The last decade has witnessed a growing discourse within educational research about the necessary use of computer and other digital technologies as a primary tool for educating democratic citizens. Such claims incorporate assumptions about the meaning and function of "technology" that goes unrecognized by researchers who advocate theses technologies as practical instructional tools for developing democratic "skills." Technology is not only a material thing that houses manipulated data. Since the mid-1800s, while in the mind of popular culture technology has been analogous to a machine, to social and curriculum theorists, it has functioned as an efficient, rationalized method and technique to measure, store, and retrieve visually represented data in an effort to efficiently manage all aspects of society. This conception of technology has a direct relation to the history of curriculum in the US, emerging specifically out of the colonial Puritan efforts to build an educational theory of "the good life." This impulse toward mapping out for the individual a path for living "the good life," resulted in the creation of the first American college, Harvard College, and the first formal curriculum entitled Technologia (Sprunger, 1966, 1968).  Technologia as a curricular construct came to the colonial Puritans by way of William Ames (1576-1633), who spent his life in England and Holland as a separatist Puritan, but whose theological and educational works and personal relationships with significant colonial Puritan figures placed him at the center of intellectual/cultural life in seventeenth-century "America" (Gibbs, 1979).
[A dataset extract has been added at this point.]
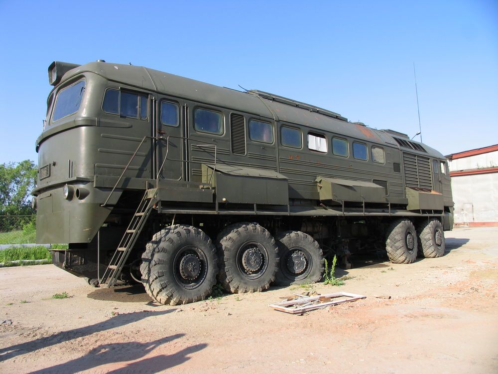 Верх этого чуда - бывший тепловоз ДМ62-1727 после ТР-3 в 2001 г., низ - шасси от пусковой ракетной установки на базе "Урагана" с увеличенной, по отношению к штатному варианту, шириной колеи. Привод колёс должен быть у каждого колеса индивидуальный (асинхронный электродвигатель, размещённый в ступице колеса и приводящий колесо во вращение через штатный планетарный редуктор). Для транспортировки приводом были оборудованы только 2 колеса, да и те не заработали. Привод поворота колес гидравлический с использованием каких-то непонятных исполнительных механизмов. В кузове установлена гидравлическая станция - именно из-за неё оно и не уехало. Ящики на боках - аккумуляторная батарея и ёмкость масла для гидравлики, ёмкости под рамой - топливные баки.

Ames helped define the moral nature of curriculum as a technological construct, a "circle of knowledge" (Gibbs, 1979).  However, over the course of the eighteenth and nineteenth centuries, Ames's curriculum construct of  technologia as a moral enterprise devolved to just one very small part of technological understanding -- curriculum as a linear, prescriptive technological discourse, hence, losing the moral and ethical import of curriculum on the individual life.

Author Biographies

Douglas McKnight

Dr. Douglas McKnight is the author of Schooling, the Puritan Imperative, and the Molding of an US National Identity (2003) Lawrence Erlbaum Associates (LEA), Mahweh: New Jersey. His research involves curriculum theory and history, specifically  how certain national narratives have compelled schooling in the United States to preclude real reform and how efforts at critical pedagogy, which would contest such narratives, have been blocked due to the narrative of technological determinism.  

Stephen Triche

Dr. Stephen Triche is an associate professor in the Department of Teacher Education at Nicholls State University. He received his Ph.D. in curriculum theory from Louisiana State University. He is currently the program coordinator for the graduate program in elementary and secondary education at Nicholls State.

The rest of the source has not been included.